*** Opening Excerpted data ***

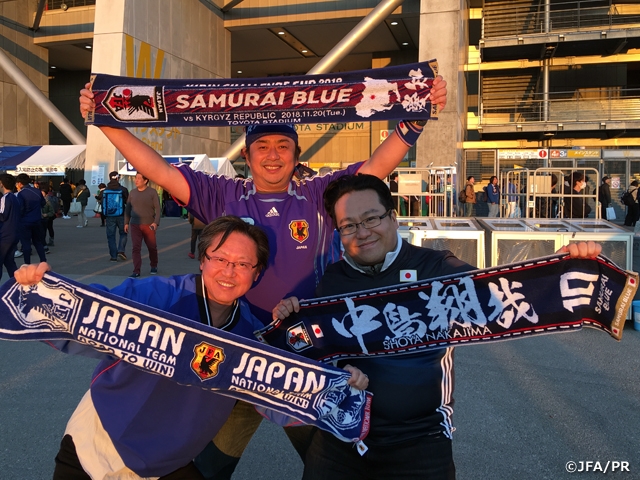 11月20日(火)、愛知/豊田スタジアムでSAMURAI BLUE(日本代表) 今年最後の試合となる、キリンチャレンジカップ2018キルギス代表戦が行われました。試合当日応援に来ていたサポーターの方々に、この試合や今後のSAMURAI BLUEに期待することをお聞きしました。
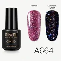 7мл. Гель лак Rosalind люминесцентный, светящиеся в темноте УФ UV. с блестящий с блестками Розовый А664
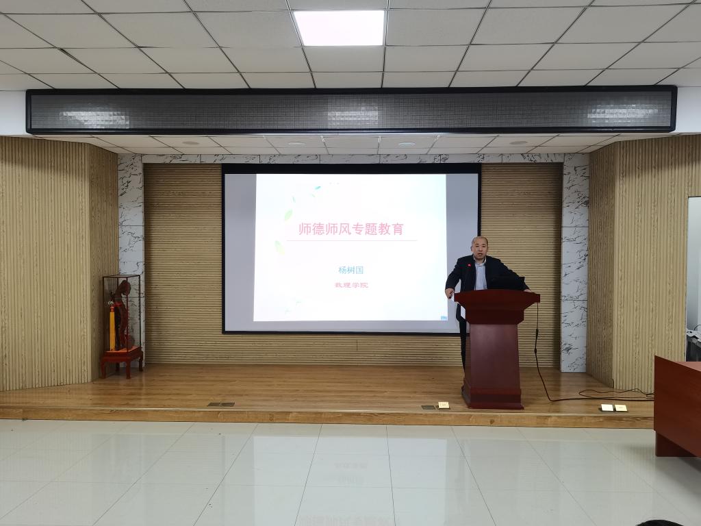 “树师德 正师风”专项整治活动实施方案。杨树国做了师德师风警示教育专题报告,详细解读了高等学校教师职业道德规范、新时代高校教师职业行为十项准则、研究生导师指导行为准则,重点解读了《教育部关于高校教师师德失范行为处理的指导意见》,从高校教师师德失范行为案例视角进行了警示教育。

*** Closing Excerpted data ***
*** Opening Excerpted data ***

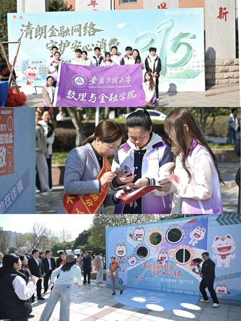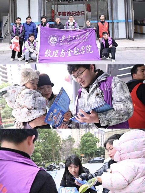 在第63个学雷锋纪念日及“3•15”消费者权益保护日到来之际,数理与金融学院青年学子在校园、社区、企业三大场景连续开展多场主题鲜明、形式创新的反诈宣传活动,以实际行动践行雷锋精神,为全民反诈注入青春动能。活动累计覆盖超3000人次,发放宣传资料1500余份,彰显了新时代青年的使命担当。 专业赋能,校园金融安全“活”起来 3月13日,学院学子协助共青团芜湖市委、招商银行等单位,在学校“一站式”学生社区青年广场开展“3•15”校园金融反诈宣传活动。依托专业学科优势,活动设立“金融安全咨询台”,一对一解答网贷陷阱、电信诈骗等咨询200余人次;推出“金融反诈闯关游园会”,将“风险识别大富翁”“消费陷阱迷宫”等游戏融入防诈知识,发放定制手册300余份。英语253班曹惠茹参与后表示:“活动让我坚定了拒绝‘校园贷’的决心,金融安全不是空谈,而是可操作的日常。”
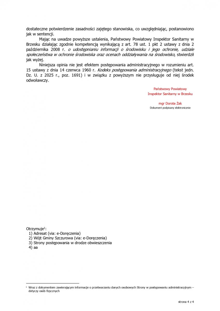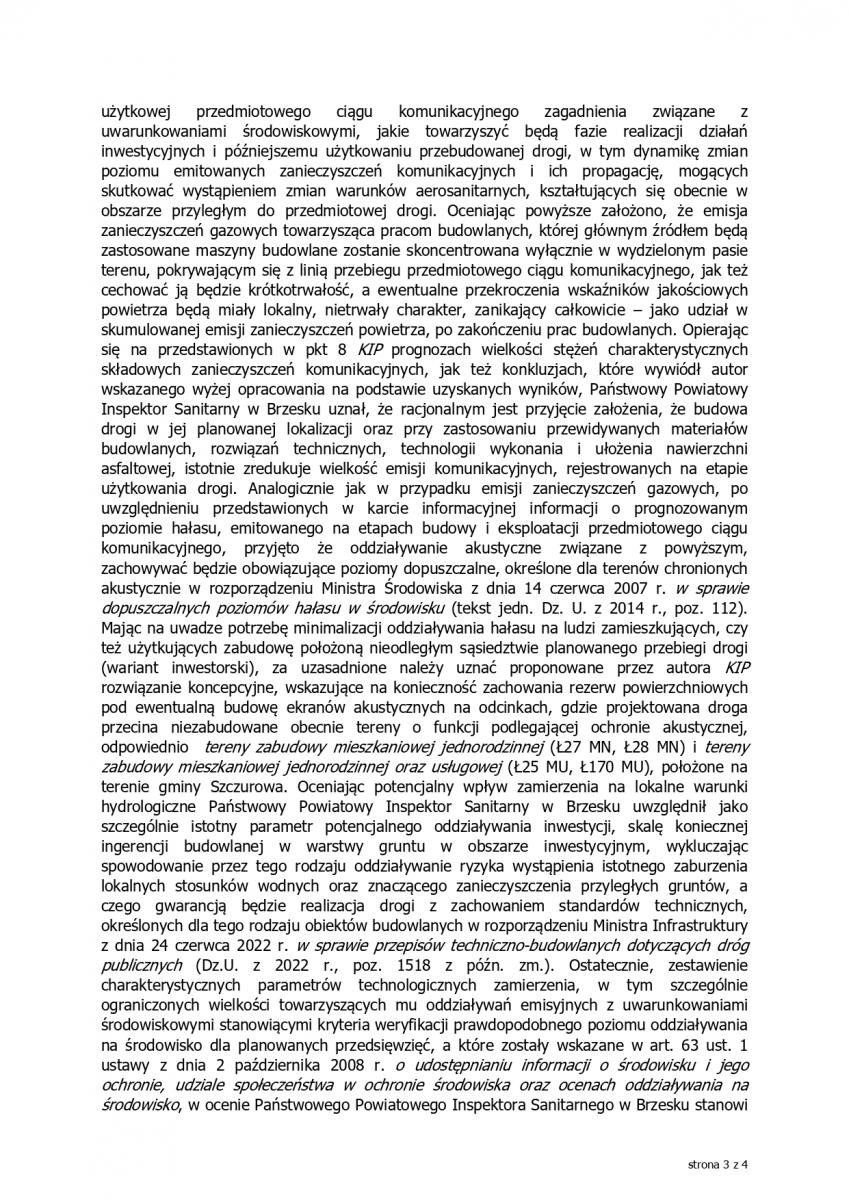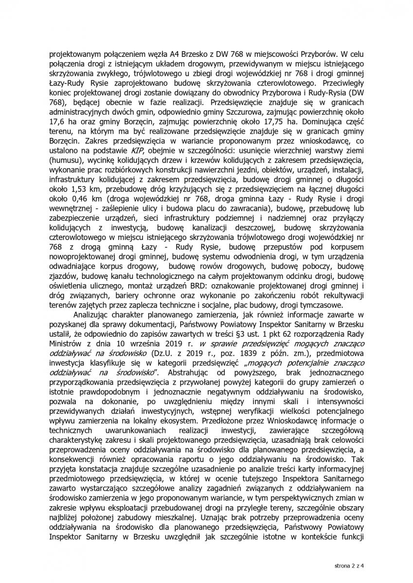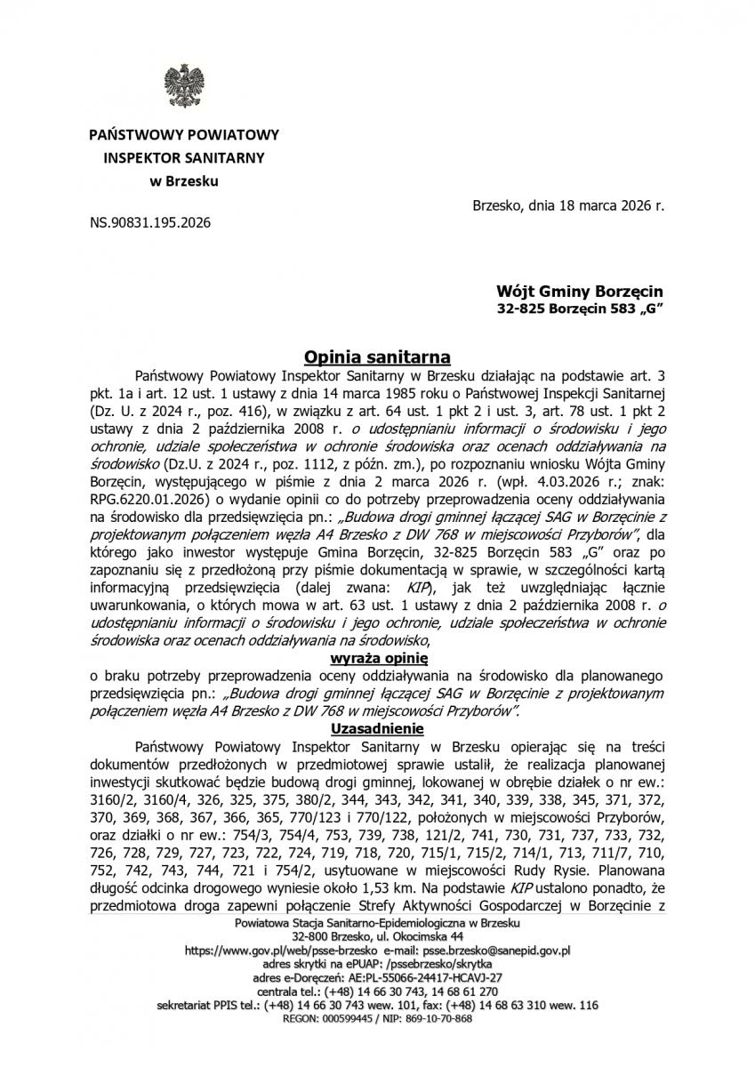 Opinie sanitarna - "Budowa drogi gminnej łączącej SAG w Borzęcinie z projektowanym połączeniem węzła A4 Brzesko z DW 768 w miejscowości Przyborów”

*** Closing Excerpted data ***
*** Opening Excerpted data ***

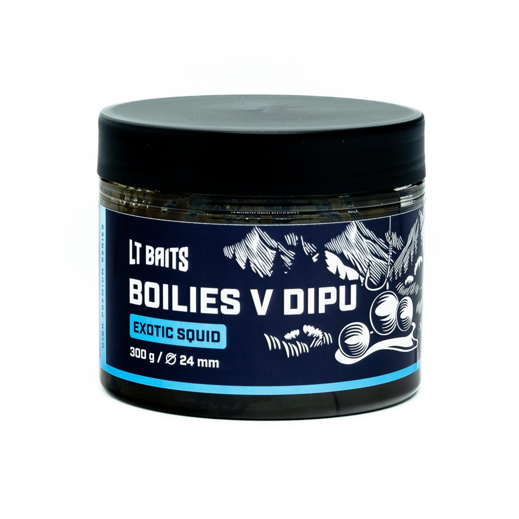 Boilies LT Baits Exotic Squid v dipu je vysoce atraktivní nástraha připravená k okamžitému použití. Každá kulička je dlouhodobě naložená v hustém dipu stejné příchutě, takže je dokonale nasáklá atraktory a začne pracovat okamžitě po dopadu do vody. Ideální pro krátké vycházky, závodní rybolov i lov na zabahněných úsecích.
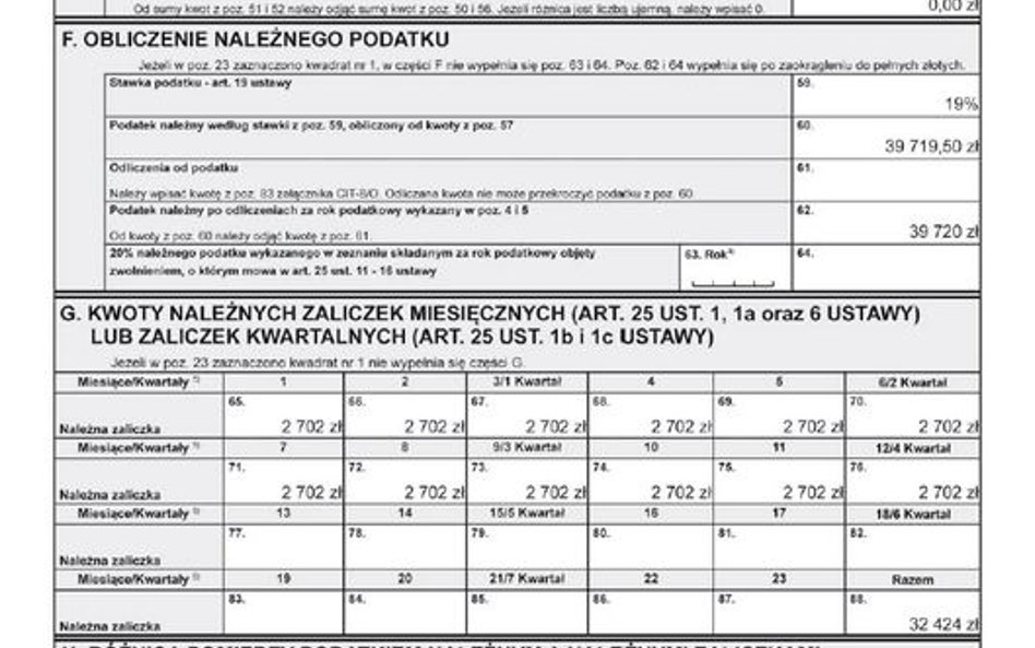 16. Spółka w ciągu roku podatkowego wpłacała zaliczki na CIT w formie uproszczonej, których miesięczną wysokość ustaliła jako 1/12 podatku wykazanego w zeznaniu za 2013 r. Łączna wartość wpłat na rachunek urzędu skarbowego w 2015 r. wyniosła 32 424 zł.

*** Closing Excerpted data ***

> _Your instructions_
The copy should hold exactly the lines above from the one with "Boilies LT Baits" through the one with "16. Spółka w", both ends counted, and no pictures at all.

> _The completed task_
 Boilies LT Baits Exotic Squid v dipu je vysoce atraktivní nástraha připravená k okamžitému použití. Každá kulička je dlouhodobě naložená v hustém dipu stejné příchutě, takže je dokonale nasáklá atraktory a začne pracovat okamžitě po dopadu do vody. Ideální pro krátké vycházky, závodní rybolov i lov na zabahněných úsecích.
 16. Spółka w ciągu roku podatkowego wpłacała zaliczki na CIT w formie uproszczonej, których miesięczną wysokość ustaliła jako 1/12 podatku wykazanego w zeznaniu za 2013 r. Łączna wartość wpłat na rachunek urzędu skarbowego w 2015 r. wyniosła 32 424 zł.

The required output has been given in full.